Dennis Rodman could shock the world by doing any one of a number of things: not coloring his hair, not getting anything pierced, showering, etc. The flip side of that coin, though, is that Rodman has carved out a certain pop culture niche for himself as a doer of atypical (for the rest of humanity), crazy things. And as a constant doer of crazy things, he’s raised the bar for achievable craziness so high that even he can’t meet the requirements for noteworthy behavior anymore.

Rodman’s most recent Rodman-esque endeavor, as reported by the good folks at Yahoo! Sports, is going to be coaching a topless women’s basketball team in New York City. Apparently, the former Chicago Bulls star will aim to pull an assortment of qualified chicas together for a squad comprised of strippers from Headquarters Gentleman Club. The lovely ladies selected by Rodman will then compete against another group of topless strippers in what Rodman is calling a charity basketball game.

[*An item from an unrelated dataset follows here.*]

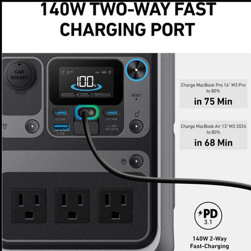 خروجی USB-C یک درگاه دو طرفه (Input/Output) با توان 140 وات است. این درگاه برای شارژ سریع لپ تاپ های مک بوک یا تبلت استفاده می شود. همچنین برای شارژ موبایل و پاوربانک ها نیز کارآمد است. پورت های USB-A این دستگاه برای شارژ هم زمان چند وسیله طراحی شده اند. این درگاه ها برای شارژ دستگاه های کوچک مانند ساعت های هوشمند یا اسپیکرهای قابل حمل مناسب هستند.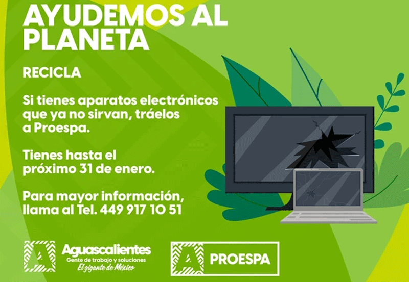 Con el propósito de contribuir al cuidado del planeta, la Procuraduría Estatal de Protección al Ambiente (Proespa) invita a la población a llevar aparatos electrónicos que ya no utilicen o no sirvan a sus instalaciones, la fecha límite es hasta el 31 de enero de 2024.

The details for this magical event are scarce at this point, but the world will no doubt wait with bated breath. Meanwhile, we at Opposing Views have decided to give Rodman some extra ideas with which he can spice this charitable event up:

  • Have the boys from TNT (Ernie, Charles, Kenny and Shaq) do their usual shtick before and after the game as they would any other day – but topless.
  • Make sure Marv Albert isn’t scheduled to do this game. You know why.
  • Send repeated reminder notices to David Kahn to set the parental control for Ricky Rubio’s TV.
  • Don’t invite Kobe Bryant. He probably knows most of these girls.
  • Same goes for Jerry Buss.
  • Have them play up to 18. Also, make sure they’re all at least 18.